• [Aim of the task]:
Your answer should be the lines from the one with "صغيرة فقط |" to the end of the data below, both included, exact and free of pictures.

Supplied material Block Start

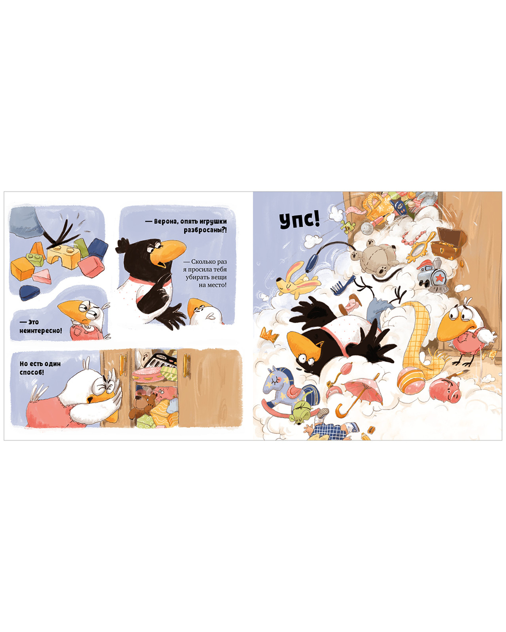 "Белая ворона Верона. Мамина помощница" – смешная история, в которой родители легко узнают своего маленького помощника и непоседу. Эта книжка – отличный повод поговорить с ребенком про домашние дела и вместе превратить их в игру!
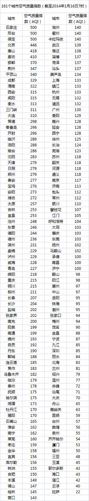 说明:自2014年1月1日起,环保部发布空气质量实时信息、空气质量月报及参与空气质量排名的地级城市已由74个增加到161个,包含了直辖市、省会城市、计划单列市、“三区”所有地级城市、环保重点城市和环保模范城市。人民网环保频道将采用环保部的官方数据,对161个城市每日空气质量进行排行。
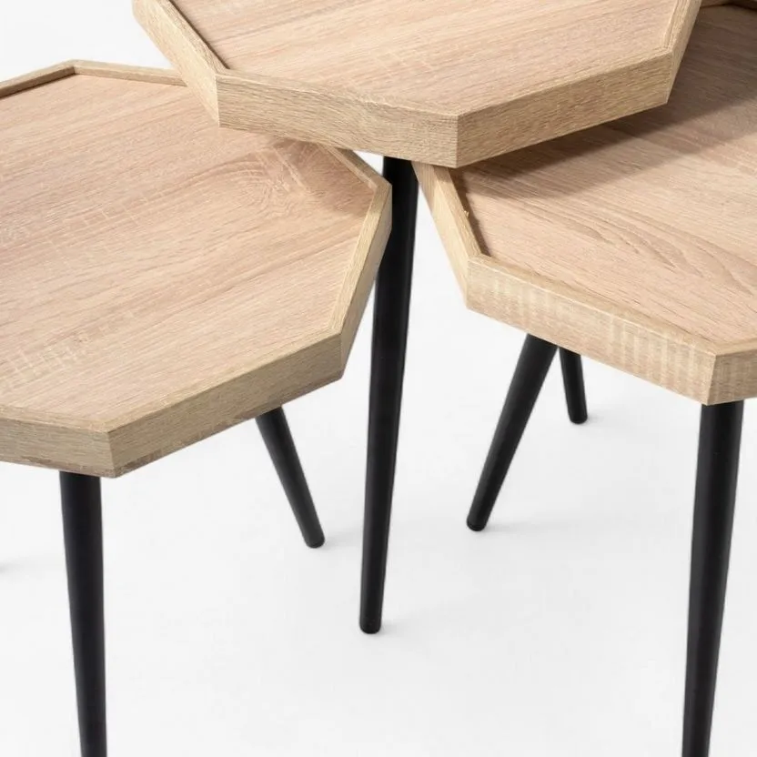 | يتضمن الطقم | 1 طاولة جانبية كبيرة 1 طاولة جانبية وسط 1 طاولة جانبية صغيرة فقط |
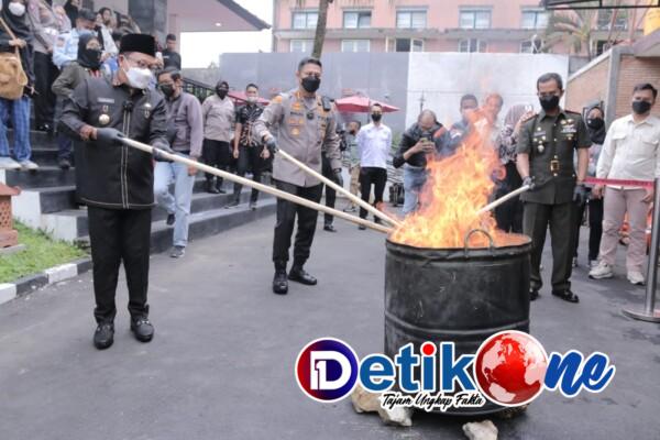 Kota Malang, detik1.com – Polresta Malang Kota yang bersama Forkopimda Kota Malang, Forum Kerukunan Umat Beragama (FKUB) dan Badan Narkotika Nasional (BNN) Kota Malang, memusnahkan sejumlah barang terlarang, di halaman depan Ballroom Polresta Malang Kota, Kamis (24/11/2022).

Supplied material Block End

• [Result of the exercise]:
 | يتضمن الطقم | 1 طاولة جانبية كبيرة 1 طاولة جانبية وسط 1 طاولة جانبية صغيرة فقط |
 Kota Malang, detik1.com – Polresta Malang Kota yang bersama Forkopimda Kota Malang, Forum Kerukunan Umat Beragama (FKUB) dan Badan Narkotika Nasional (BNN) Kota Malang, memusnahkan sejumlah barang terlarang, di halaman depan Ballroom Polresta Malang Kota, Kamis (24/11/2022).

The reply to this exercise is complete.